Child-friendly antiretrovirals in the pipeline

Researchers have developed child-friendly antiretroviral (ARV) formulations that are safe, easy to administer and heat-stable. PHOTO | FOTOSEARCH

Researchers have developed child-friendly antiretroviral (ARV) formulations that are safe, easy to administer and heat-stable.

The improved first-line therapy will be administered to infants and children under age three, who have been neglected by pharmaceutical research and development.

The new four-in-one (abacavir/lamivudine/lopinavir/ritonavir) formulation being developed by Drugs for Neglected Diseases Initiative is said be well tolerated and requires one daily dose.

Since 2013, the World Health Organisation has recommended regimens that include a class of antiretrovirals called protease inhibitors namely lopinavir/ritonavir (LPV/r), for infants and young children.

However, the only available version was a bitter-tasting syrup that requires refrigeration and contains 40 per cent alcohol. It is also expensive and requires special storage and transportation considerations.

The new formulation will be in the form of granules in a capsule, which is opened and given to children with soft food or breast milk.

TREATMENT

With promising preliminary results, treatment could be available by the end of the year, and phase two trials will take place in sub-Saharan countries that are most affected by paediatric HIV, to test efficacy and safety of the treatment. This data will provide evidence for worldwide scale-up.

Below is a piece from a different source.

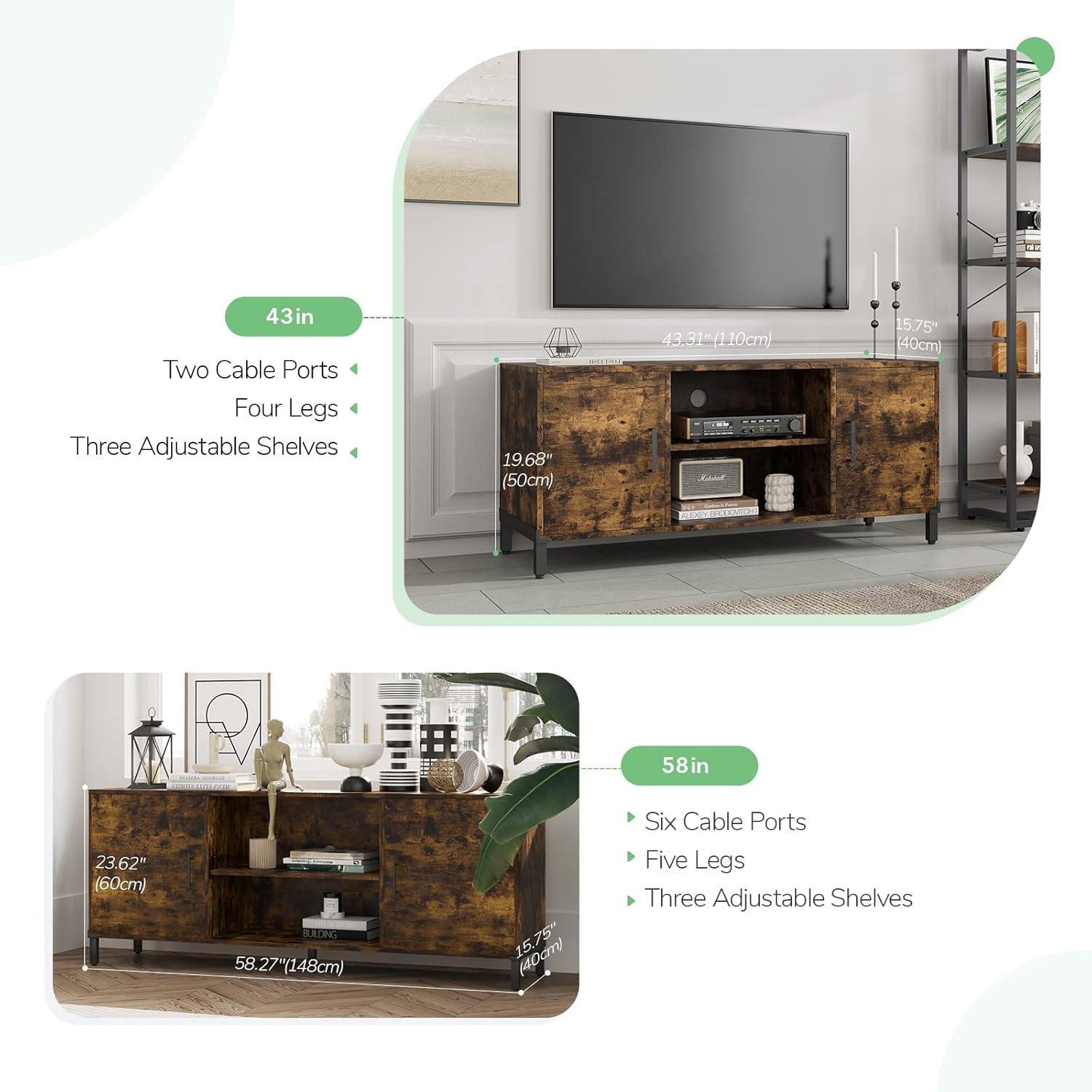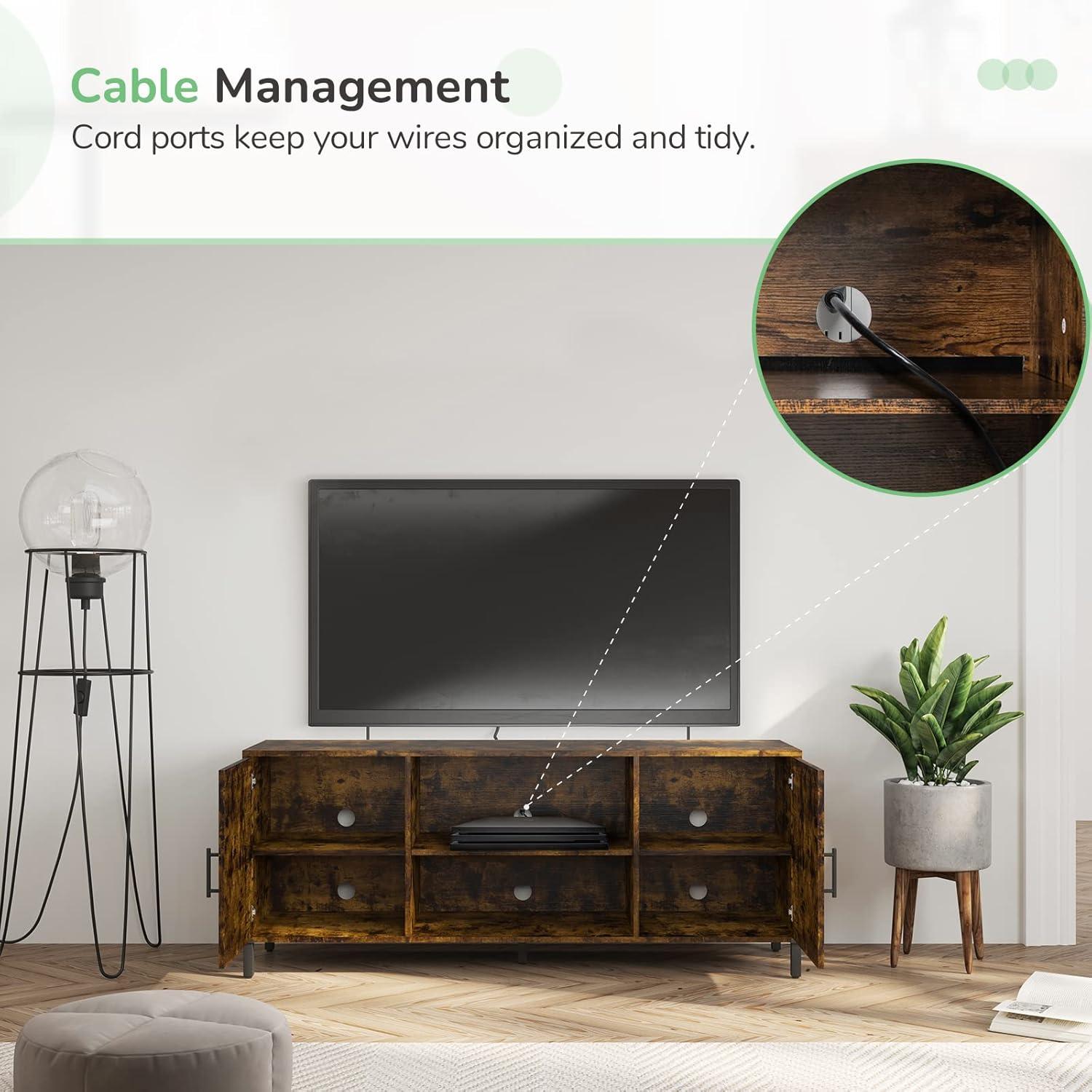LARGE STORAGE SPACE: Three adjustable shelves hold your electronics and media accessories. Two enclosed cabinets provide enough room to stow away extras for a neat and organized space. Two cord management ports keep cables tidy.

Despite major efforts to increase the number of children on HIV treatment and a continuing reduction in mother-to-child transmission of HIV, in 2016, only 43 per cent of HIV-positive children received antiretroviral therapy globally.

While this is an impressive increase from 15 per cent in 2009, it is considerably lower than the some 54 per cent of adults on treatment.

Kenya has an estimated 6,613 new HIV infections among children annually, 120,000 HIV-positive children and 78,700 on anti-retroviral treatment. In 2016, about 4, 800 children died due to HIV/AIDS.

The treatment gap in this population is attributed to suboptimal paediatric ARV formulations.

A study published in PLOS One in January revealed that bitter medication and lack of appropriate formulations and fixed-dose combinations for children lead to underdosing and consequently, development of resistance to antiretroviral medicines.

Unpalatable medication has also been a hindrance to viral load suppression in children, thereby increasing possibility of children becoming severely ill.